Haha first, I appreciate the thanks, I'm glad you guys are diggin what I'm writing.
Secondly though, we have the mindset all wrong, and it's probably my fault. Your cows are your most treasured asset, and there is no such thing as a useless cow, or a dried up udder.
I'm writing up a piece on customer appreciation, and now I'll definitively post it over here. Your cows are your most valued asset. If you think a cow is just an udder to be milked, forgotten about, then milked again when you need the cash, you're going to find you have a pretty useless farm.
You gotta feed the cow.
You gotta shelter the cow.
You gotta make sure the cow is healthy and happy.
Otherwise, you're going to get little or no milk.
You have to create relationships with your customers. I mean real relationships, true friendships.
How many guys in your area offer the same exact stuff you do? 15? 20? 50?
What are you doing right now to guarantee your cows aren't gonna jump on the next shiny tractor?
The whole point of my previous post was to impress upon you guys one reason it's important to have a client database. It's definitely the easiest and cheapest way to market. But you have to have the relationships in place.
BUILD REAL RELATIONSHIPS WITH YOUR CUSTOMERS.
When I was in high school, I was the ground guy (read gopher) for my girlfriend's Dad. He was a contractor who did mostly one story additions. I remember the first job I was on, about three weeks into it, I was backing up the big ass Chevy rack truck, and I ran over their HOs cat. I **** you not, I killed the cat. Completely an accident, but I though holy crap I just cost us this job.
I was moved off the job for like 2 days, but the HO kept asking where I was. She was a really laid back younger lady, and she was amazingly quite cool about it. Anyways, we get the job done at end of the summer (kitchen remodel, new bathroom, new dining room, sauna, finish the basement), and she throws the company a thank you party. Dave, the guy I worked for, got 8 referrals from this party alone.

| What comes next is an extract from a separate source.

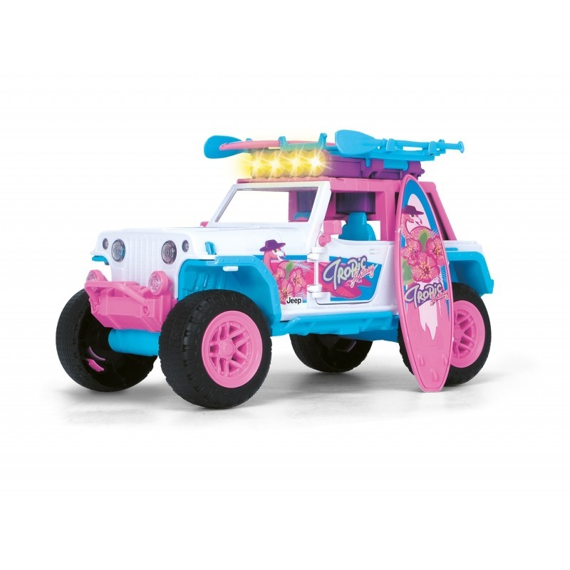 Playlife Pink Drivez Flamingo Jeep - Do wody! Słońce, plaża i morze - do tego właśnie jest stworzony ten fajny jeep z wolnym kołem od marki Dickie. Pojazd terenowy z wolnym kołem może być używany na nierównym terenie. Uderzające efekty świetlne i dźwiękowe oraz ponad 20 akcesoriów w tematyce morza i surfowania. Raz po raz mogą wymyślać nowe, kreatywne sytuacje do zabawy i wdrażać je za pomocą licznych akcesoriów.
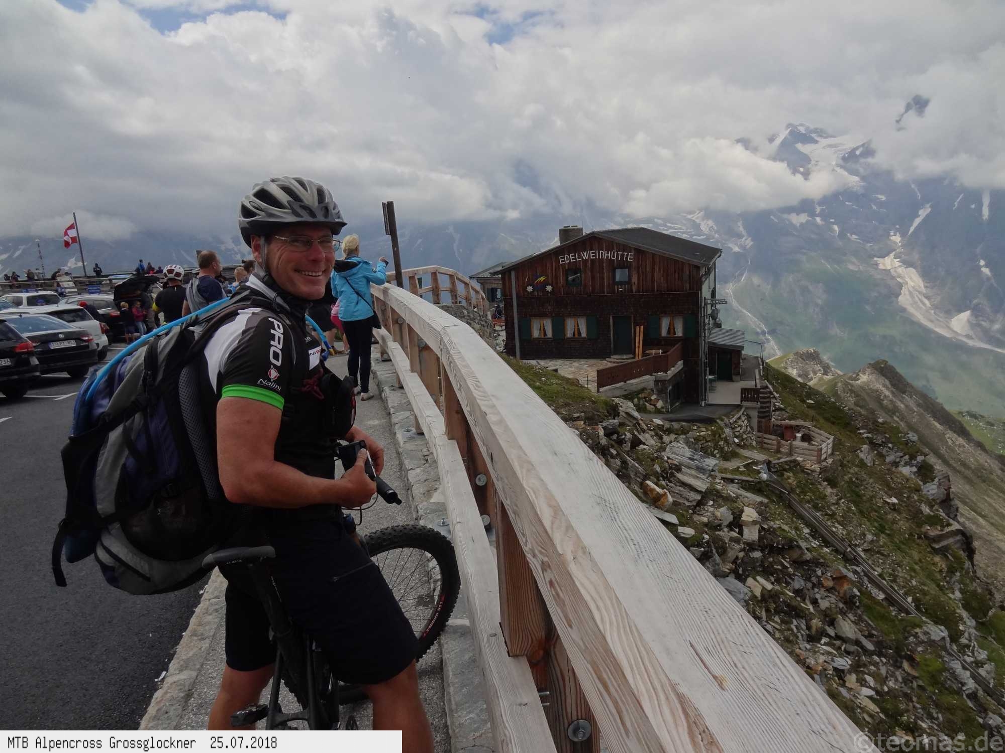 Am 6. Tag unsere ersehnte Belohnung bei halbwegs gutem Wetter am Glockner! Hinauf bis zum Besucherzentrum an der Pasterze auf der Kaiser Franz Josef Höhe, weiter bis zum Hochtor und Fuscher Törl bis hinauf zur Edelweißspitze. Hinunter bis Ferleiten, Mittagessen und nachmittags weiter bis Bruck, Taxenbach und Schwarzach an der Salzach entlang (Tauernradweg). Zwei Minuten nach Erreichen des Hotels Post in Schwarzach hat es wie aus Eimern gegossen, Gewitter. Mit dem Abendessen offenbar den Magen verdorben und eine unschöne Nacht erlebt. Am letzten Tag ohne Kraft und leerem Magen von Schwarzach über Werfen, Hallein bis nach Salzburg. Mit einigen wetterbedingten Umplanungen, aber ohne Panne und Stürze eine gelungene Alpenüberquerung!

Why did a woman throw a party for the same people who crushed her cat? And why did she refer us to her friends?
Because Big Dave was a people person and had a business philosphy I follow very closely now. Make your clients your friends, don't just see a paycheck. And we all got it.
They were always asking us to have beers after work on Friday, cracking jokes, generally having a good time. Even though something pretty ****ty happened, we had a whole summer where we were in their personal space getting to know them, and building a relationship with them.
What are you doing to build bulletproof relationships with clients?
The biggest mistake I know of in business is to just see the sale. How much money am I going to make this time?
DO NO DO THAT!!!
Sure, this couple might be worth a 40k job right now, but what is the lifetime value of them worth? How much business can they bring in for me? How many referrals are they going to give me? How am I rewarding them for those referrals?
A Customer Database is the tool in your arsenal. Use it to its maximum potential.
Do not think about your cows as hamburger. Don't even think about them as business partners.
Think of them as friends and treat them as such. My cows know how valuable they are to me. Some of my cows are my most trusted business associates, and some really good friends.
The Wrap Up
Do not use your database to just shoot of marketing crap. Give value. Use it to keep in touch. Build bulletproof relationships. Let me make this promise to you right now: If you build real relationships with your customers, you won't ever be beaten on price again. Ever. In the history of Ever.
Treat your cows like the gold that they are. No more one and done.
Thanks for reading the mind dump, wait until you see the article I'm working on.